Top water - fantastic in the shallows. Cranks worked well over several drop-offs. Live bait - son's minnow and bobber nailed them more often than my artificials.

We boated many, many bass. Most were 16 inches to 22 inches long. Released them all.

Northerns up to 4 pounds added to the fun.


----------



## Decoyer

What lake were you on that the bass were already on offshore structure. In west central MN almost all the bass had just finished the spawn and were still where in very shallow water.


----------



## browningboy

my friend riley lealos cought a 6.89 pound bass


----------



## prairie hunter

Yes most bass were very shallow - say under three feet.

We caught about a dozen bass over a couple days in about 10 - 15 feet of water.

We were actually simply casting cranks off the dock. Dock is in 4 feet of water. Drops off sharply to about 10 feet, plateaus, and then to 25 feet on a second drop-off.

All of these bass were 18 inches or better. Why they were there .. not so sure.
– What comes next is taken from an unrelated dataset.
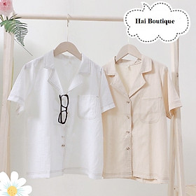Áo sơ mi cổ sen tay ngắn xinh xắn Mô tả Size S: sản phẩm vòng eo rộng 64cm - 66cm, vòng ngực rộng 84cm-86cm, vòng mông rộng 86cm-88cm Size M: sản phẩm vòng eo

East central MN lake. Lake size relatively small.


----------



## mallard

Decoyer,I fished smallies in a Becker county lake and had a blast!Lots of fish in the 2 1/2-3 1/2 lb range with a few 4lb+ fish to boot.Rock piles with gravel were the key in abot 3-5 feet of water.Man do I love fishing smallmouth,just when you think they have tired out they jump,run,and seem to never give up.All of the fish were released of course as I have a long standing agreement with a friend from that area ,that showed me the spots, never to keep any smallmouth.


----------



## Bagman

Whats with all the SECRECY involving where you are catching Bass in Minn. MOST people are looking for Walleye and most who catch Bass are catching and releasing. Last time I checked there were about 400 lakes in the DL area alone. Like giving out some lake name on THIS site is gonna cause 100 people to race to a lake and KEEP every fish they catch? A dozen bass over a couple days? Wow...I went out 2 nights ago and caught 8 or 10 in an HOUR...along with many bonus pike. That was at Leaf Lake near Cormorant.
Feel free to go there any time. I thought the point of this forum was to SHARE INFO...not come on here and give out VAGUE LOCATIONS to tempt and tease people. That said...what LAKE are you getting those Smallies on Mr. Mallard? :beer:


----------



## dosch

whats in your bag?


----------



## mallard

I am sorry for not posting which lake it is.A friend that lives on the lake showed me where to catch the smallies and out of respect for him I wont post it on a website or spread the word around.Same goes for if Chris ,Doug or Tyler let me in on a good hunting area.Maybe I shouldnt have posted about the bass fishing.Sorry mallard


----------



## djleye

You will find there are lots of tight lipped people on these pages, especially as far as fishing goes.


----------



## CityHunter

Bagman,I'm sure if you sent one of the guys you're interested in a private message they would respond with what you need.The best info doesn't always come from a public report,but rather an extra minute of your time to find out more.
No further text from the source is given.